The anime has not yet reached the timeskip. For the last 40-something episodes it has been doing nothing but 99% filler. 

The Naruto anime is expected to return to the manga story line with Kakashi Gaiden and the timeskip within 10 weeks.


----------



## martryn (Feb 8, 2006)

They haven't hit a timeskip yet.  It'll be after the fillers.  Who knows when it'll rear its head.


----------



## Splyte (Feb 8, 2006)

we are getting so close to the end of the fillers though, i can almost smell the gaiden


----------



## xeno (Feb 8, 2006)

I think that the timeskip will be around eps 190-195 after the gaiden. Atleast I hope ...


----------



## RAGING BONER (Feb 9, 2006)

The time skip as well as the end of filler mania should come about in 9 more weeks...meaning that the moment we have a NEW opening should be when we cease having the filler, approximately episode 180.


----------



## lollerskater (Feb 9, 2006)

~RAGING BONER~ said:
			
		

> The time skip as well as the end of filler mania should come about in 9 more weeks...meaning that the moment we have a NEW opening should be when we cease having the filler, approximately episode 180.



I think it's likely that the Gaiden will be aired before the new opening, and the timeskip will probably coincide with the new opening. So that means it could be like episode 177 or so.


----------



## Seany (Feb 9, 2006)

around ep 180


----------



## Even (Feb 9, 2006)

according to Dattebayo, there's 8 weeks of filler left, meaning that the Kakashi Gaiden will start at episode 180. this means that the next filler arc (hopefully) will be the last one


----------



## Daniee (Feb 9, 2006)

TenshiOni said:
			
		

> Nah, they started with 136.
> 
> Everything since the Naruto vs. Sasuke battle concluded and the aftermatch of the Rescue Sasuke mission has been filler, Tron.


EXCEPT for Sakura becoming Tsunade's apprentice in 141.  That was in the manga, but happened after she visited Naruto in 135.

Why does everyone forget to mention this? It's really important


----------



## TenshiOni (Feb 9, 2006)

Daniee said:
			
		

> EXCEPT for Sakura becoming Tsunade's apprentice in 141.  That was in the manga, but happened after she visited Naruto in 135.
> 
> Why does everyone forget to mention this? It's really important


I didn't.

Read my filler explanation.


----------



## Tron (Feb 10, 2006)

TenshiOni said:
			
		

> Nah, they started with 136.
> 
> Everything since the Naruto vs. Sasuke battle concluded and the aftermatch of the Rescue Sasuke mission has been filler, Tron.


well that clears it up.


----------



## Raptor (Feb 10, 2006)

And people are sure that Kakashi gaiden will be animated??


----------



## Baby Raptor (Feb 10, 2006)

Raptor said:
			
		

> And people are sure that Kakashi gaiden will be animated??

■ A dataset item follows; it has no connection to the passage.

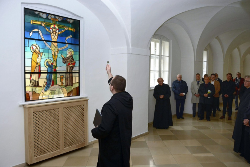 A konferencia első szekciója a napközi imaórával zárult, melyet az évfordulóra készült ólomüveg ablak megáldása követett a perjelség folyosóján. A Golgotát ábrázoló ablak, Bráda Tibor és munkatársai alkotása, a Bencés Diákok Győri Egyesületének felkérésére készült.

if not , Many fans will complain and cry all time to yell in NF fourm then Modertor will hell time to lock threads!


----------



## Toffeeman (Feb 10, 2006)

Well, theres still a possibility that Kakashi Gaiden will air _before_ 180, but only if we're lucky.


----------



## MS81 (Feb 10, 2006)

T0FFe3m@n said:
			
		

> Well, theres still a possibility that Kakashi Gaiden will air _before_ 180, but only if we're lucky.


 I think they will show it eps 177 or 178.

damn I would like to tell one of my predictions on how it will show kakashi gaiden but I will tell you the no spoiler version,so my no-spoiler version would be kakashi at Obitos grave from the manga chapter that was missing in the anime it would start from where it showed team yondaime getting ready to go to the earth country.


----------



## LIL_M0 (Feb 10, 2006)

So, by TenshiOni's filler explaination, I take that Episode 101 was actually in the manga?!?! 

Which chapter? I've gotta see this!


----------



## Ichigo-Skippy (Feb 10, 2006)

I dont read the manga, but yea 101 was in the manga.  Someone hosted pics from the manga on that section awhile ago


----------



## Slips (Feb 10, 2006)

Ichigo-Skippy said:
			
		

> I dont read the manga, but yea 101 was in the manga.  Someone hosted pics from the manga on that section awhile ago




I think half the ep was in the manga i cant remember and i can't be bothered to go check . Maybe someone less lazy than i could state


----------



## Utz (Feb 10, 2006)

Since there's plenty of "When will the fillers end?" threads floating about, with valid evidence that they should end in the next 8-10 weeks, gonna close and recycle this since ample questions have been answered .

Recycling.


----------